As mentioned above, each projection is stored in a separate directory under the PART directory where aggregate data computed based on the original data is stored. Projection data can be abstractly understood as an aggregation table and its storage overhead will vary according to the different dimensions and degree of aggregation.

  1. Affects data write speed

Source code analysis shows that Projection writing is consistent with the original data writing process. Each data part write calculates aggregate data based on the original data Block combined with Projection definition, which increases the overhead of data write, increases the time of data write, and reduces the data timeliness.

  1. Historical data does not automatically materialize

Projection is based on part granularity and is consistent with data write guarantees in that inserted data is not materialized after it is created. A merge between parts contains a merge between projections. Inconsistent projections between parts will result in a failure of a part merge. Projection data in the PART can be aligned through the Projection Materialization operation.

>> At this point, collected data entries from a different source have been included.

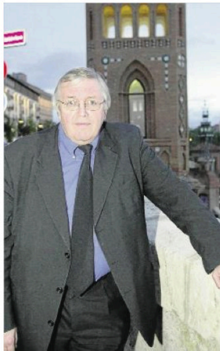
L'historiador Paul Preston.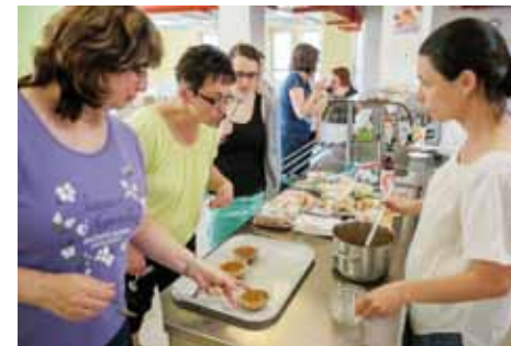
Praktický seminář na téma Luštěniny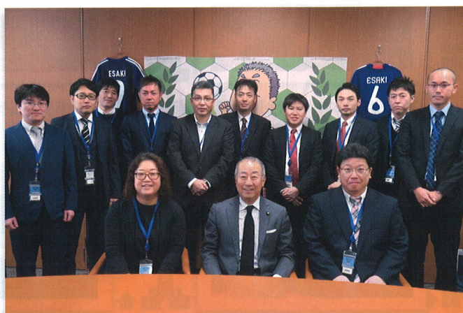
▲国会事務所を訪問された国保労組幹事の皆さんと

政府・与党はこれまででも、経済優先を掲げて国民の目を逸らせながら、特定秘密保護法や安保関連法、改悪労働法制などを強行に成立させてきました。しかし、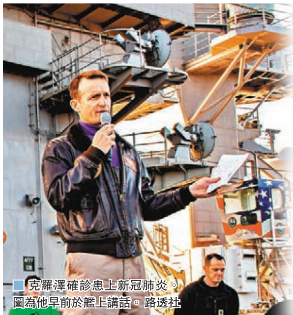
克羅澤確診患上新冠肺炎。圖為他早前於艦上講話。

美國海軍航空母艦「羅斯福」號爆發新冠肺炎，原艦長克羅澤上書高層要求容許船員上岸檢疫後，被軍方以信件外洩為由解除職務。報道指，克羅澤目前已經確診感染新冠病毒，但即使被革職，他仍不為「吹哨」的決定感到後悔；防長埃斯珀則繼續為軍方決定辯護，稱做法合理。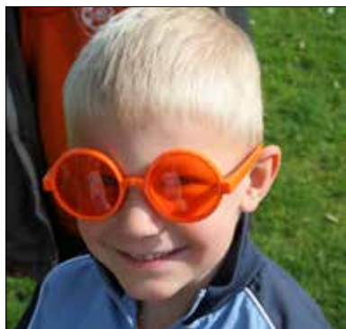
Koningsspelen basisschool de Korenaar

... maar er staat in dit nummer van de Corridor veel meer te lezen, dus veel leesplezier gewenst.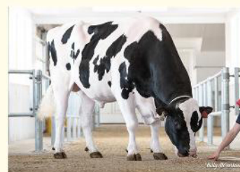
PURSUIT - Străbunicul matern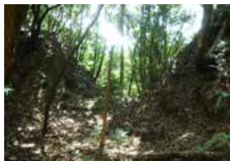
八幡山城跡 大堀切

また、城館群の整備事業の一環として、中山城跡と高瀬要害山城跡の登り口に、詳細な説明看板を設置していますので、探訪マップと合わせて、利用ください。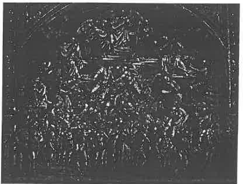
ill. 18 Luca Signorelli (c. 1441- ? 1523), Le Couronnement des élus au Paradis , fresque de la cathédrale d'Orvieto.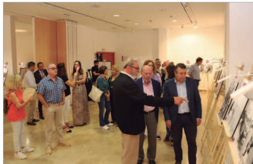
El alcalde, el presidente de Diputación y el secretario de UGT Sevilla.

Las trabajadoras han sido una clave fundamental para el desarrollo de la agricultura y la ganadería en España. Pilares fundamentales que sostuvieron el mundo rural durante la Guerra Civil española y posterior postguerra y que ha continuado hasta la actualidad de la mano de nuevos modelos de negocios y explotación del medio rural. Por todo ello, UGT Sevilla, en colaboración con Diputación de Sevilla a través de Prodetur, ha organizado la exposición 'Pasado, Presente y Futuro de la Mujer Trabajadora en el Mundo Rural', en la que a través de 37 fotografías recoge cómo la mujer mantuvo los campos en la pasado, cómo se adapta el medio rural a las necesidades actuales y cómo investiga de cara al futuro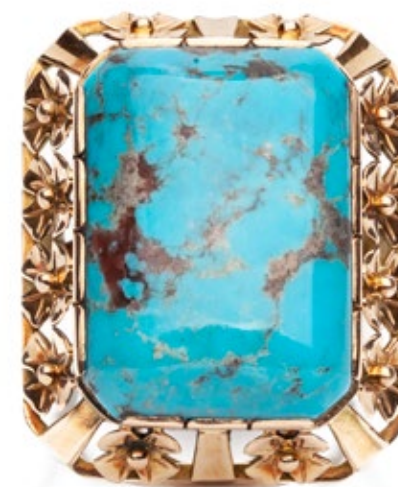
107 PIERŚCIEŃ Z TURKUSEM 2 poł. XX w.

estymacja: 6 000 - 8 000 PLN 1 300 - 1 800 EUR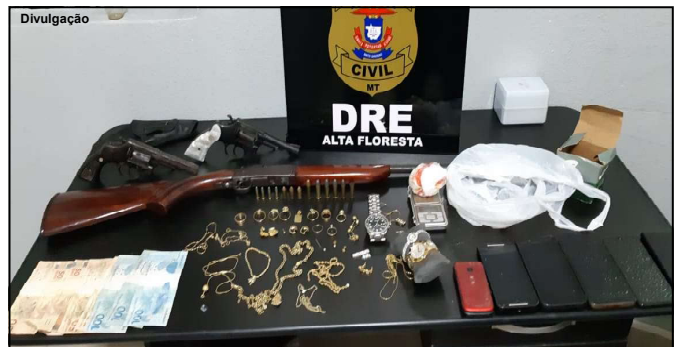
Vítimas de roubos reconhecem pertences divulgados pela imprensa

Parte dos produtos apreendidos pela Polícia Civil foi reconhecida por uma vítima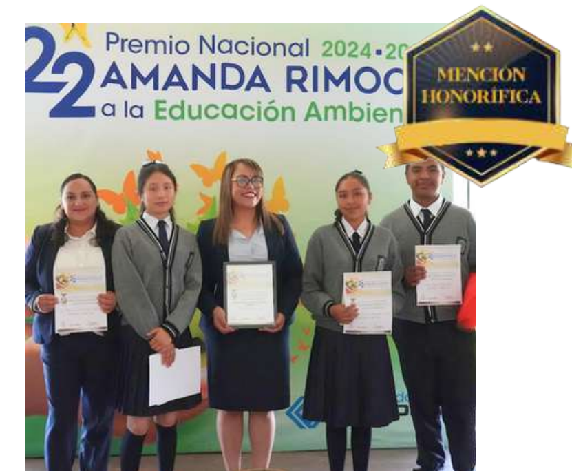
TELESECUNDARIA FEDERAL LEONARDO DA VINCI

“¡Ama tu río! Acción ambiental comunitaria en Malinalco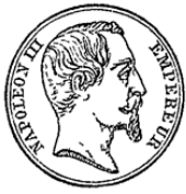
Expos. Besançon 1860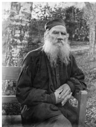
Fotografía: Lev Tolstói. Wikimedia Commons

La oposición al comunismo al otro lado del telón de acero cobró una nueva dimensión a raíz de la difusión en Checoslovaquia, en enero de 1977, de la llamada Carta 77 , en la que 242 intelectuales protestaban por la violación de los derechos humanos por el Estado checoslovaco. Uno de ellos, el dramaturgo Václav Havel, no tardó en convertirse en su imagen pública, muy distinta, por cierto, de la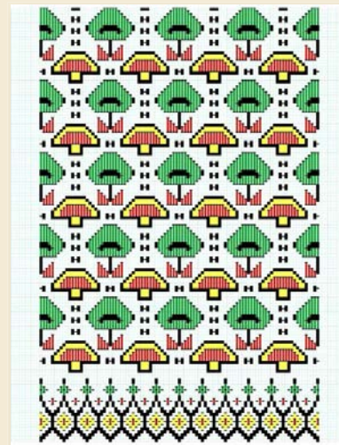
ภาพที่ 7 แบบร่างลวดลายผ้าทอ ลวดลายเห็ดโคน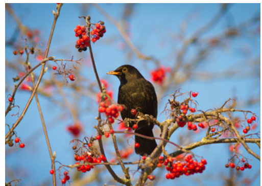
De lijsterbes is bij veel vogels geliefd

Zorg allereerst voor een tuin met voldoende beschutting en variatie in begroeiing. Bloeiende planten of bomen en struiken die fruit dragen zijn favoriet: de insecten die op bloemen afkomen vormen een fijne maaltijd en uitgebloeide bloemen zorgen voor zaden, die later in het jaar op het menu staan. Een lijsterbes bijvoorbeeld is bij vogels erg populair.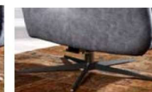
Kreuzfuß* Metall schwarz matt

Der Tellerfuß* ist optional auch in Stoff- oder Lederbezug erhältlich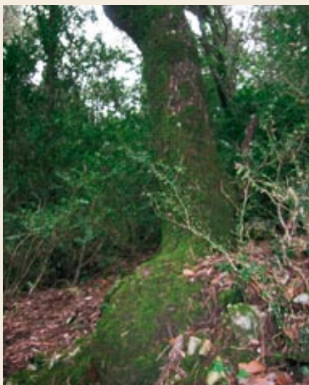
A través d'un bosc ombrívol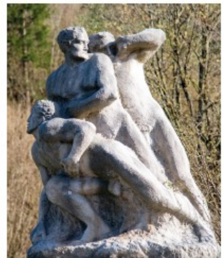
Abb. 2: Figurengruppe auf der Schmiedgrabenbrücke, 2023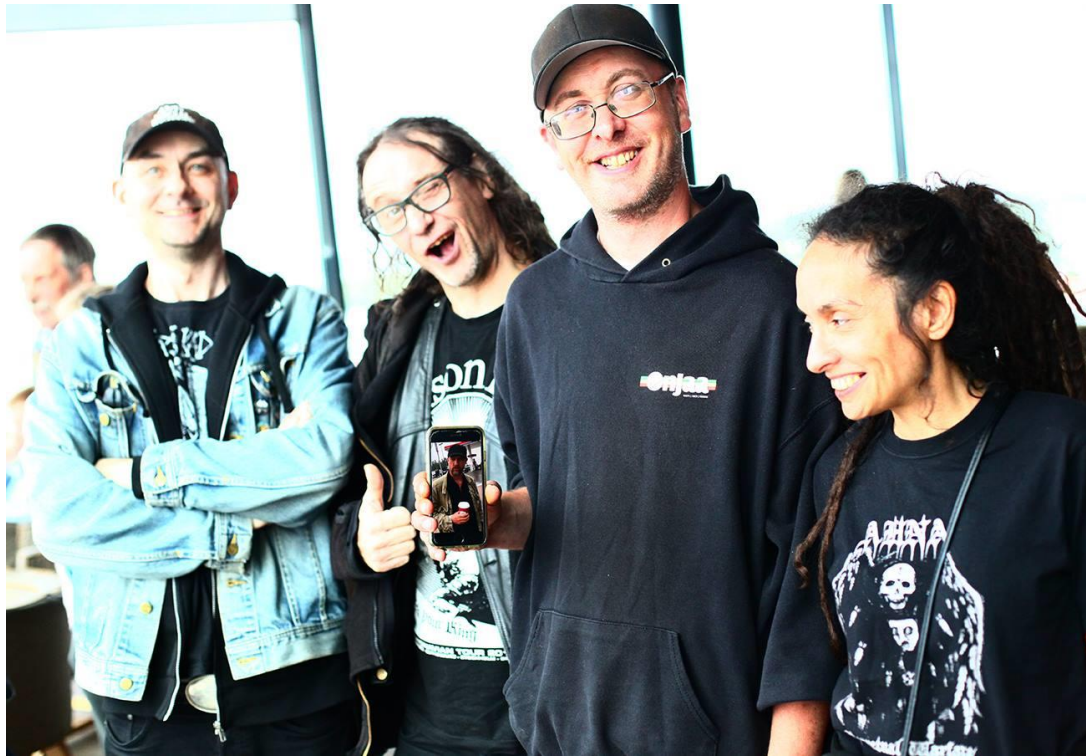
Anti Social Rejects, Helsinki 2016

Anti Social Rejects , «ASR». Hardcore/punk band fra Oslo, aktive siden 2006.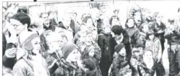
Le public s'est prêté au jeu avec grand plaisir.

Aux défilés des rues, dimanche soir, les "Fotografiers" ont été eux-mêmes beaucoup pris en photo et filmés par le public. Il faut dire que ces photographes mar-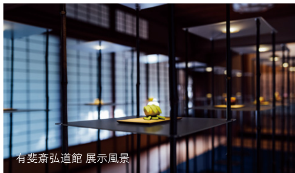
有斐斎弘道館 展示風景

2020年は「禅 ZEN」をテーマに京菓子デザインの公募を行いました。近年、世界からも注目を集めている禅。日本人の感性、美意識は禅から大きな影響を受けました。全国から約600点の応募があり、選ばれた入選作品50点を有斐斎弘道館及び旧三井家下鴨別邸、京都御苑、ジェイアール京都伊勢丹において展示いたしました。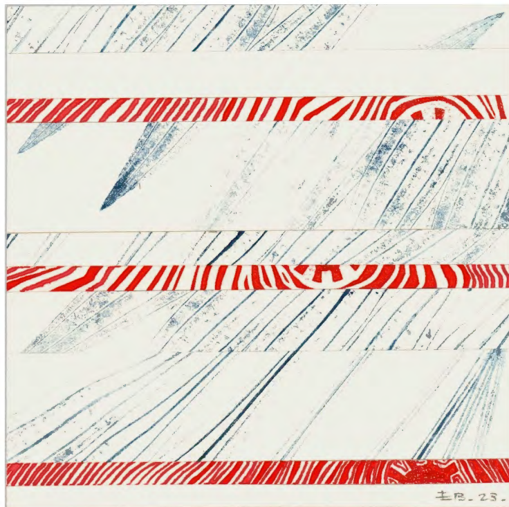
Rien ne se perd I - #13

Assemblage de chutes d'estampes et de dessins - Encre sur papier 10,5 x 10,5 cm 2023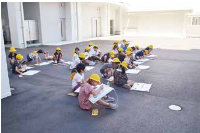
東山代小学校でのスケッチ風景

毎年好評の「出前消防スケッチ」ですが、今年度は、立花小学校、二里小学校、東山代小学校、山代東小学校の4校に消防車と救急車で出向きスケッチをしていただきました。 この出前消防スケッチは、消防車等のスケッチを通して消防業務を身近に感じてもらい、少年期における防火意識の高揚を図ることを目的として実施しています。 入賞作品は、3月1日(日)から3月7日(土)までの春の火災予防運動にあわせて伊万里市民図書館に展示する予定です。

Projection Materialization: Projection calculation is based on raw data blocks and is prone to memory problems for larger parts of the calculation. INSERT SELECT PIPELINE can be built to simulate the process of new data generation. In the process, multiple temporary small parts will be generated, and the proejction in the small part will carry out multi-segment merge.

  1. Projection cannot be hit due to too many parts

The data query hits the Projector with a condition of 50% or more of the part overriding the Projection. There are some scenarios in which many small parts are generated due to frequent data writing. The increase in the number of parts increases the denominator for calculating coverage, resulting in failure to meet the hit projection condition. However, as the number of merged Parts decreases, subsequent queries may hit Projection.

This article is just a brief introduction to the ClickHouse Proejction features and a basic performance test.

The effect of high base dimension on ClickHouse Projection was also found during performance testing. Later, other articles will give a detailed explanation of the query process and underlying storage of ClickHouse, and analyze the internal reasons for its influence.